---------- Records supplied

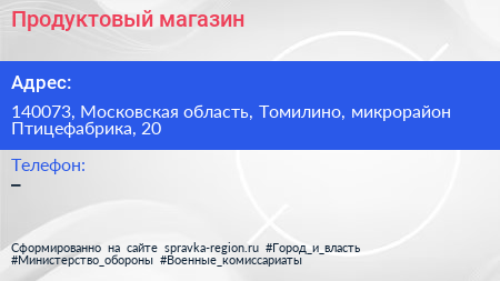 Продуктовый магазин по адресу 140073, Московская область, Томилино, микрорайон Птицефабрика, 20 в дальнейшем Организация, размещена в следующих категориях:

--------------------
---------- Records supplied

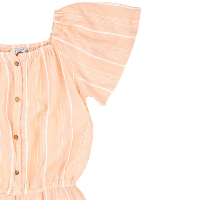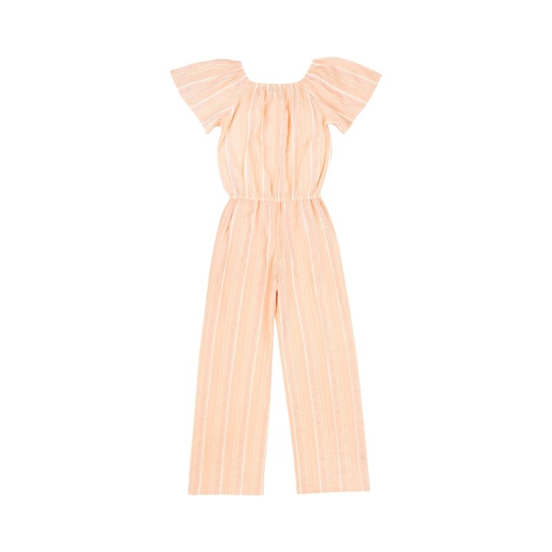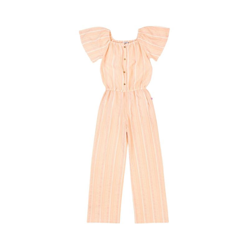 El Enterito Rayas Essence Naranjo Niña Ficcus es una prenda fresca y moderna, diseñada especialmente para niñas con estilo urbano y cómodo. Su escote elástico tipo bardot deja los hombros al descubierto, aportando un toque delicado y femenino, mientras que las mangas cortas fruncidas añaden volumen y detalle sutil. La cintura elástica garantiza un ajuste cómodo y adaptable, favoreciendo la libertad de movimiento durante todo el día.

--------------------
---------- Records supplied

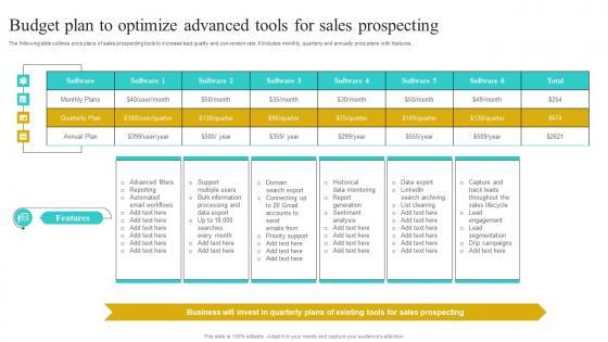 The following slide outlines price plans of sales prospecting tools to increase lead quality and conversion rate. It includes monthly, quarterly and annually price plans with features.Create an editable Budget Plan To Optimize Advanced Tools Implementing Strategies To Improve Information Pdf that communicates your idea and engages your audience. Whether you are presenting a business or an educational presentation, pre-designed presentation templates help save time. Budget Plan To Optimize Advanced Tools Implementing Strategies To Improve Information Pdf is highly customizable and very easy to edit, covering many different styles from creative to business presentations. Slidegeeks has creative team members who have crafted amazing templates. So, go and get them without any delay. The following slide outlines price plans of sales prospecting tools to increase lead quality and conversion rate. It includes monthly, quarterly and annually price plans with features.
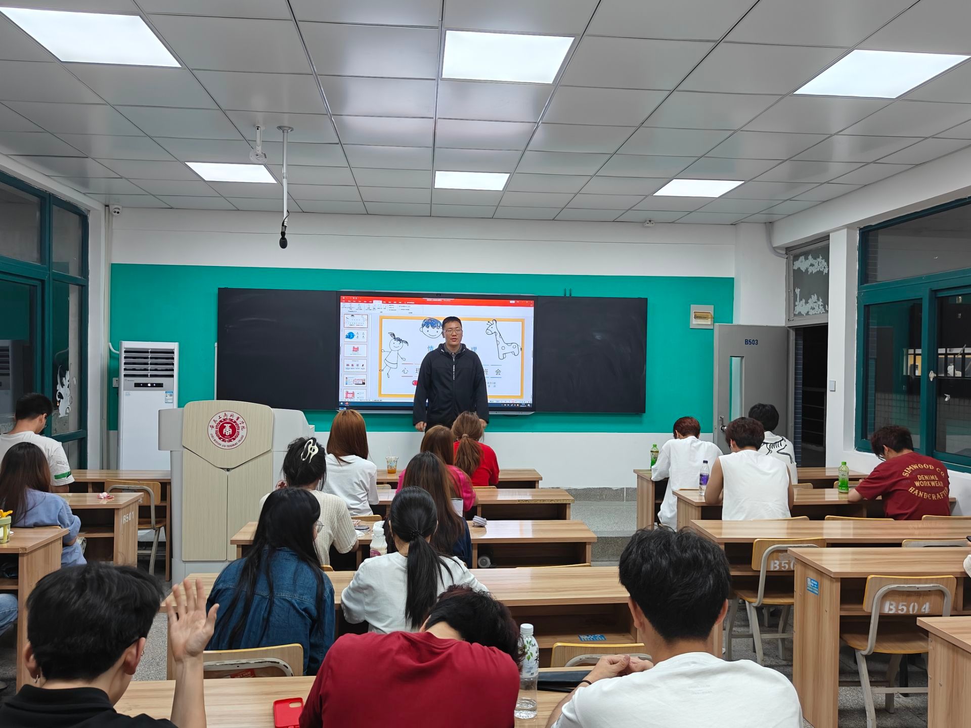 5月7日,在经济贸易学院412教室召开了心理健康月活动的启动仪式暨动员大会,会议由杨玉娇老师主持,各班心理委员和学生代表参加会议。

--------------------

Work request: The answer must be the lines above from the one containing "plans with features.Create" through the one containing "5月7日,在经济贸易学院41", reproduced exactly, with no pictures and nothing else.

Reply:
 The following slide outlines price plans of sales prospecting tools to increase lead quality and conversion rate. It includes monthly, quarterly and annually price plans with features.Create an editable Budget Plan To Optimize Advanced Tools Implementing Strategies To Improve Information Pdf that communicates your idea and engages your audience. Whether you are presenting a business or an educational presentation, pre-designed presentation templates help save time. Budget Plan To Optimize Advanced Tools Implementing Strategies To Improve Information Pdf is highly customizable and very easy to edit, covering many different styles from creative to business presentations. Slidegeeks has creative team members who have crafted amazing templates. So, go and get them without any delay. The following slide outlines price plans of sales prospecting tools to increase lead quality and conversion rate. It includes monthly, quarterly and annually price plans with features.
 5月7日,在经济贸易学院412教室召开了心理健康月活动的启动仪式暨动员大会,会议由杨玉娇老师主持,各班心理委员和学生代表参加会议。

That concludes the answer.